The following table contains the possible symbol bindings:
Name | Value |
---|---|
STB_LOCAL |
0 |
STB_GLOBAL |
1 |
STB_WEAK |
2 |
STB_LOOS |
10 |
STB_HIOS |
12 |
STB_LOPROC |
13 |
STB_HIPROC |
15 |
STB_LOCAL
defines a local symbol. Such symbols are only visible in the object file containing their definition. This means that multiple local symbols with the same name may exist independently inside multiple object files without interfering with each other during linking.
STB_GLOBAL
defines a global symbol. These symbols are visible to all files being combined. One file's definition of a global symbol will satisfy another file's reference to the same symbol. Multiple global symbols with the same name are not allowed.
STB_WEAK
defines a weak symbol. Such symbols resemble global symbols, but have definitions with lower precedence. Consequently, the definition of an STB_WEAK
symbol will be overridden by the definition of a different symbol with the same name, if such a symbol exists.
The other values are reserved for OS- and processor-specific semantics.
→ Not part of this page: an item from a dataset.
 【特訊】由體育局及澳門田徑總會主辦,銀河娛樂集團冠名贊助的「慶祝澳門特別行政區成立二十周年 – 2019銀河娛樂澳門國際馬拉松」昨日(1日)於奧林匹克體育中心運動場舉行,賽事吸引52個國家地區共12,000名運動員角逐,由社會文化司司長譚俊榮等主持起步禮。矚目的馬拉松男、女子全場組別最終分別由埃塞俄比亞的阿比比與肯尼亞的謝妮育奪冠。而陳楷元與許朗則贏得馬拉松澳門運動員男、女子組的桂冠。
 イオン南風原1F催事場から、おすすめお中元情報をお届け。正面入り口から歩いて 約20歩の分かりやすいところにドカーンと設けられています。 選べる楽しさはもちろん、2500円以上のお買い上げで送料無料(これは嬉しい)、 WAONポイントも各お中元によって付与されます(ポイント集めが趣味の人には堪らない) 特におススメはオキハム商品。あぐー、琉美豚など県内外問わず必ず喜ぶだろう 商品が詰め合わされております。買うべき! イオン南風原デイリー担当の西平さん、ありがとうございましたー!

Following is a table containing the possible symbol types:
Name | Value |
---|---|
STT_NOTYPE |
0 |
STT_OBJECT |
1 |
STT_FUNC |
2 |
STT_SECTION |
3 |
STT_FILE |
4 |
STT_COMMON |
5 |
STT_TLS |
6 |
STT_LOOS |
10 |
STT_HIOS |
12 |
STT_LOPROC |
13 |
STT_HIPROC |
15 |
STT_NOTYPE
defines a symbol with an undefined type.
STT_OBJECT
represents a symbol that is associated with data such as a variable, an array, etc.
STT_FUNC
is a symbol associated with a function.
STT_SECTION
is a symbol associated with a section. Such entries are typically used for relocation and are of the STB_LOCAL
binding.
STT_FILE
symbols contain the names of source files associated with object files. Such symbols are local, have a section index of SHN_ABS
and precede any other local symbols in the file.
STT_COMMON
describes an uninitialised common block.
STT_TLS
is a thread-local storage entity. It stores an offset to the symbol and not its address. Such symbols may only be referenced by thread-local storage relocations.
A symbol's type and binding are encoded into and decoded from the st_info
field by means of the following macros:
/* How to extract and insert information held in the st_info field. */
#define ELF32_ST_BIND(val) (((unsigned char) (val)) >> 4)
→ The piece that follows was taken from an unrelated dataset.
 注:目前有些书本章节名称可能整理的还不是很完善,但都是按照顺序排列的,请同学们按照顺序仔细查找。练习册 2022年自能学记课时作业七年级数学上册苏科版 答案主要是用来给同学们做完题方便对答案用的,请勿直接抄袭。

#define ELF32_ST_TYPE(val) ((val) & 0xf)
#define ELF32_ST_INFO(bind, type) (((bind) << 4) + ((type) & 0xf))
/* Both Elf32_Sym and Elf64_Sym use the same one-byte st_info field. */
#define ELF64_ST_BIND(val) ELF32_ST_BIND (val)
#define ELF64_ST_TYPE(val) ELF32_ST_TYPE (val)
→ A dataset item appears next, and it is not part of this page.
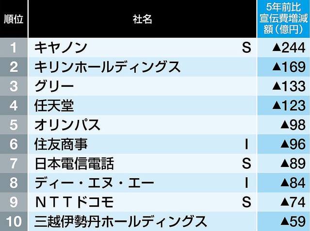 最新!「広告宣伝費を削った87社」ランキング - ライブドアニュース。

#define ELF64_ST_INFO(bind, type) ELF32_ST_INFO ((bind), (type))
The visibility of a symbol specifies how the symbol should be accessed once it has become a part of and executable or shared object, notwithstanding that it may be specified in a relocatable file. In essence, a symbol's visibility tells the linker how that symbol will be used in the end file. Following is a table with the possible visibility values.
Name | Value |
---|---|
STV_DEFAULT |
0 |
STV_INTERNAL |
1 |
STV_HIDDEN |
2 |
STV_PROTECTED |
3 |
STV_DEFAULT
symbols have a visibility equivalent to the one defined by their binding.
STV_PROTECTED
symbols are visible to other files in the linking process (components), but are not preemptable. This means that references to such symbols from within the defining component must be resolved to the definition in that component. Local symbols cannot be protected.
STV_HIDDEN
symbols have names which are invisible to external components and may be used for specifying the external interface of a given component. Hidden symbols in relocatable files must be transformed into local symbols by the linker.
STV_INTERNAL
symbols have a platform-dependent meaning. Ultimately, however, the linker should be able to treat them as hidden symbols.